===== MATERIAL FOR THIS TASK

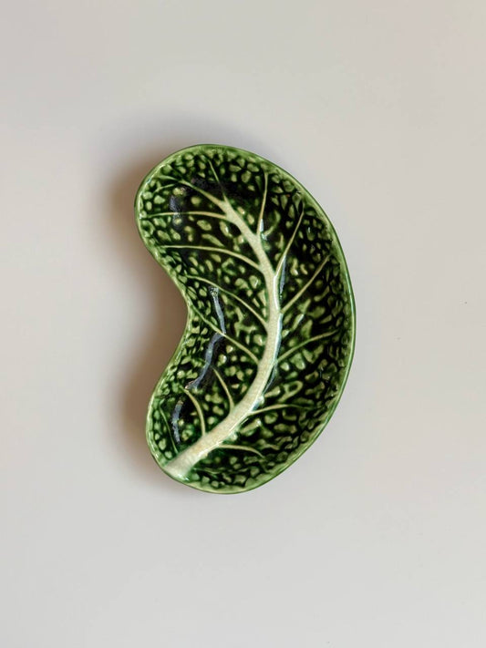 Vintage Portuguese Majolica Cabbage Leaf Kidney-Shaped Dish by Subtil
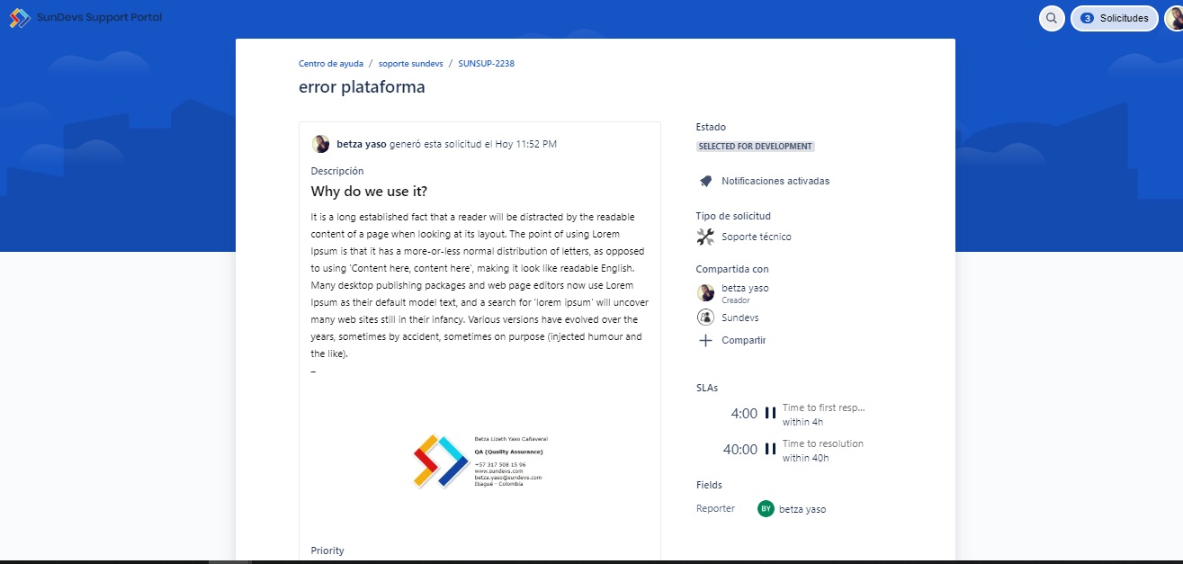 cuando se ingresa en un caso se puede ver toda la información de ello y no solo lo puesto por el usuario, también los SLA dispuestos para ese tipo de caso, la prioridad, los participantes en el caso y la opción de añadir comentarios.
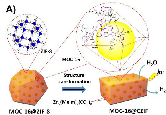 最近,我校化学学院苏成勇教授和石建英副教授研究团队又基于配位组装策略实现了Au25(SG)18纳米簇在金属有机ZIF-8主体框架内部和外表面的可控组装[Advanced Materials, 2018, 30,1704576]。采用相似策略,他们将MOC-16植入到ZIF-8主体内,进一步将ZIF-8转化为Znx(MeIm)x(CO3)x (CZIF),获得了MOC-16@CZIF催化剂。
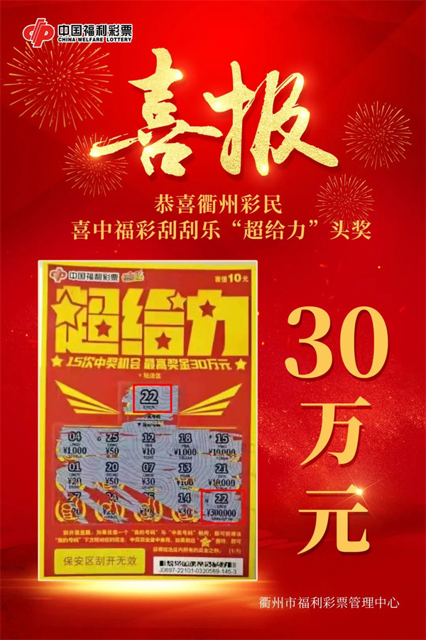 2023年3月18日,衢州市柯城區33085033號福彩銷售站點傳來喜訊,一彩民喜中刮刮樂“超給力”一等獎30萬元。
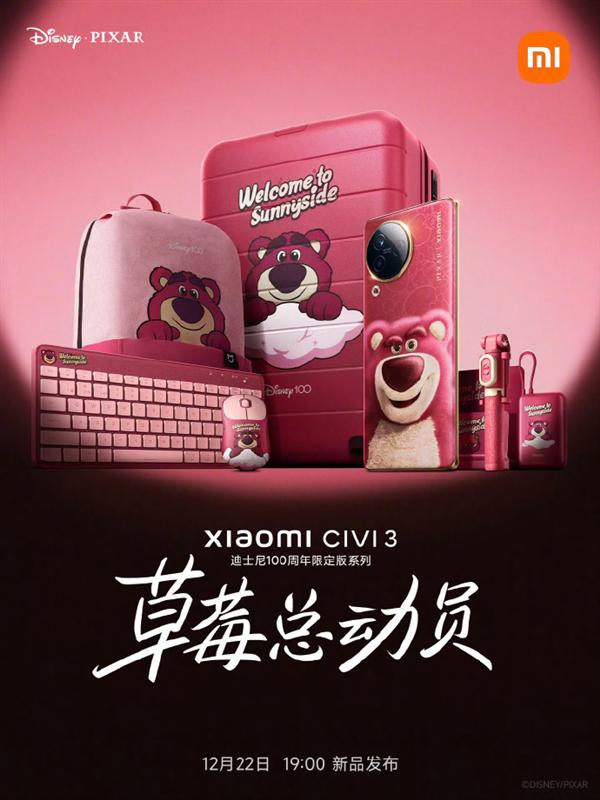 快科技 12 月 21 日消息,12 月 22 日 19:00,小米将带来与迪士尼联名的定制新品——小米 Civi 3 迪士尼草莓熊限定版,并且还有多款周边联名产品。
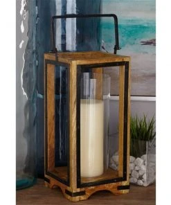 Grayson Lane 22-in x 8-in Traditional Candle Holder Lantern – Natural Brown Mango Wood
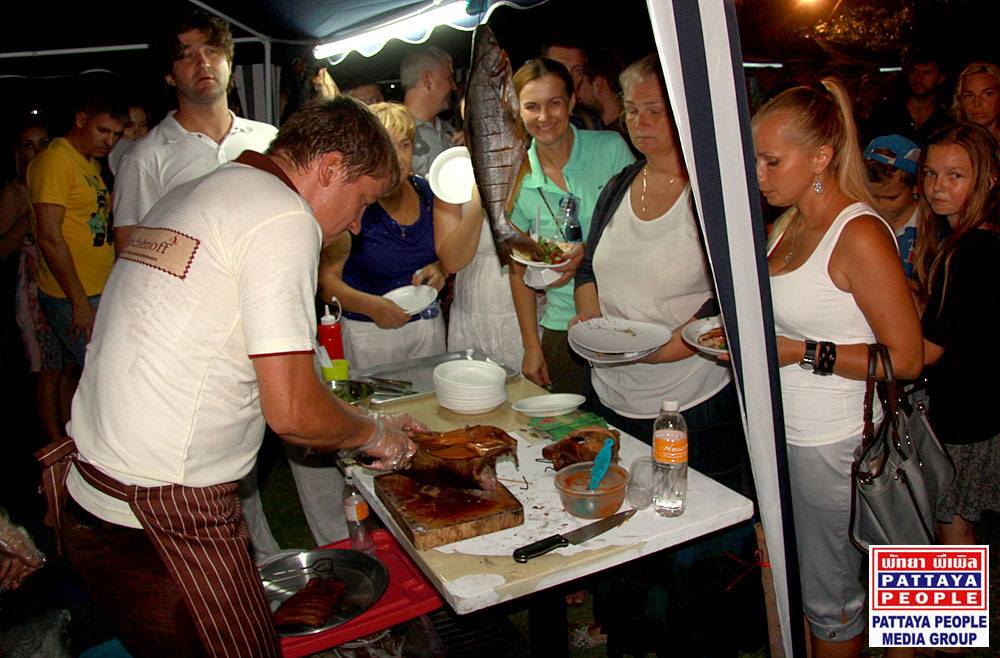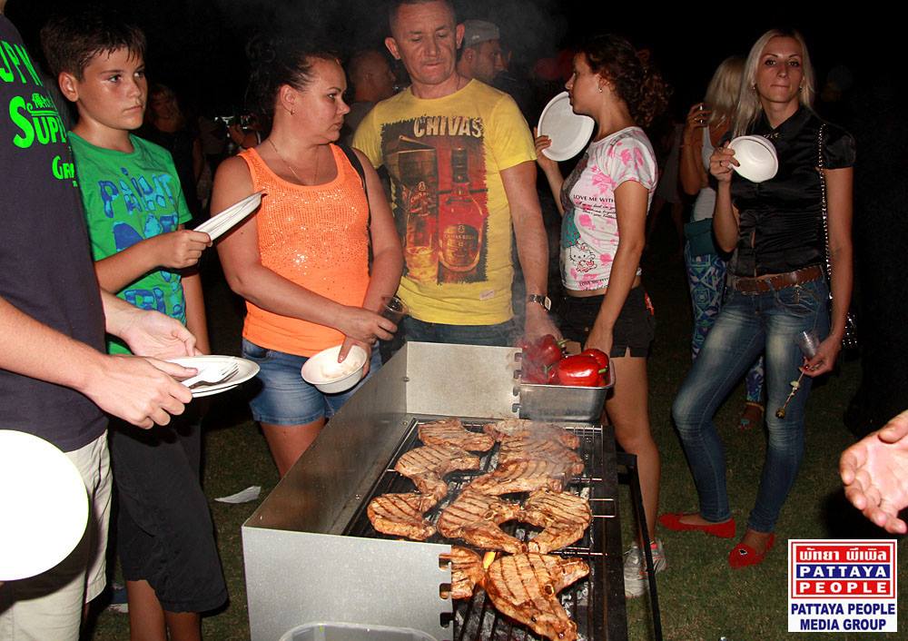 Ну, и конечно, как говорится, не хлебом единым, а в данном случае не мясом единым сыт человек… мероприятие сопровождалось разнообразной развлекательной программой. На протяжении всего вечера один номер сменялся другим. Вниманию зрителей были представлены танцы, песни, зумба тренировка и даже акробатические трюки в исполнении маленьких гимнастов. Особенно запомнились малыши, показавшие умилительный танец в народных костюмах. Чтобы расшевелить разомлевшую на жаре публику, на сцене зажигали Barry Upton (Бари Аптон), радиоведущий Pattaya People 96FM, и его команда с популярными хитами в стиле рок-н-ролл, а за диджейским пультом играла Ола.
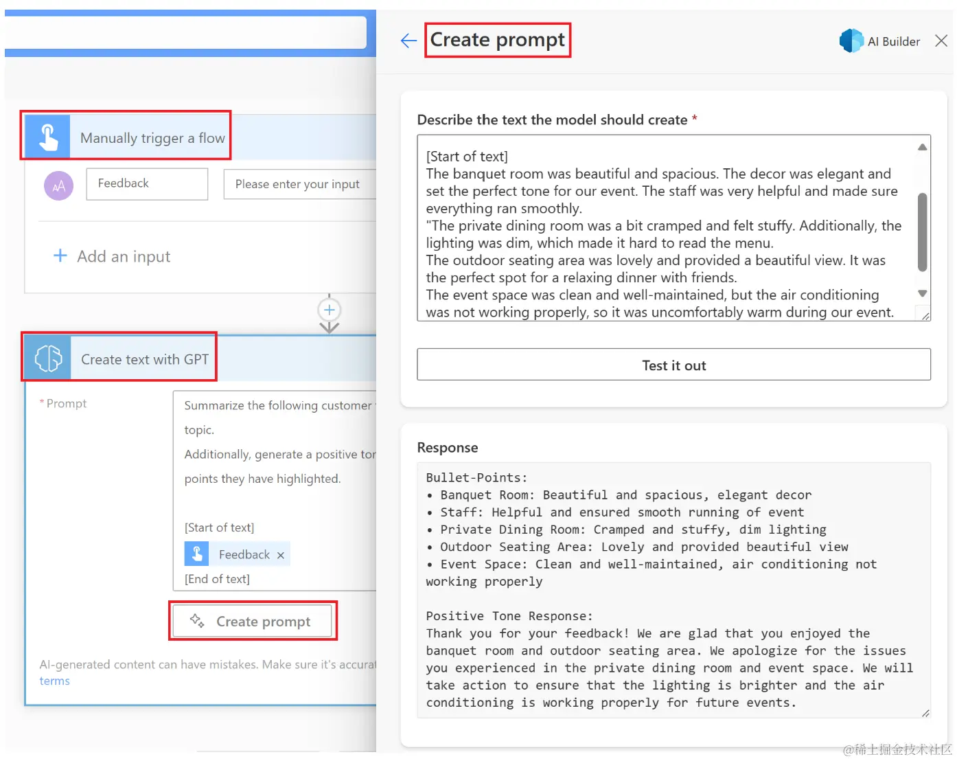 AI Builder 中的使用 GPT AI 模型创建文本让您能够根据提示生成文本,并由 Microsoft Azure OpenAI Service 提供支持。借助这个功能,您可以把 GPT 技术集成到您的应用和流程中,来构建各种自动化流程和富有洞察力的应用。

==========

• [WHAT IS REQUIRED]: The required output is the exact lines from the opening line of the entries through the line with "Grayson Lane 22-in", inclusive, without pictures.

• [ANSWER]:
 Vintage Portuguese Majolica Cabbage Leaf Kidney-Shaped Dish by Subtil
 cuando se ingresa en un caso se puede ver toda la información de ello y no solo lo puesto por el usuario, también los SLA dispuestos para ese tipo de caso, la prioridad, los participantes en el caso y la opción de añadir comentarios.
 最近,我校化学学院苏成勇教授和石建英副教授研究团队又基于配位组装策略实现了Au25(SG)18纳米簇在金属有机ZIF-8主体框架内部和外表面的可控组装[Advanced Materials, 2018, 30,1704576]。采用相似策略,他们将MOC-16植入到ZIF-8主体内,进一步将ZIF-8转化为Znx(MeIm)x(CO3)x (CZIF),获得了MOC-16@CZIF催化剂。
 2023年3月18日,衢州市柯城區33085033號福彩銷售站點傳來喜訊,一彩民喜中刮刮樂“超給力”一等獎30萬元。
 快科技 12 月 21 日消息,12 月 22 日 19:00,小米将带来与迪士尼联名的定制新品——小米 Civi 3 迪士尼草莓熊限定版,并且还有多款周边联名产品。
 Grayson Lane 22-in x 8-in Traditional Candle Holder Lantern – Natural Brown Mango Wood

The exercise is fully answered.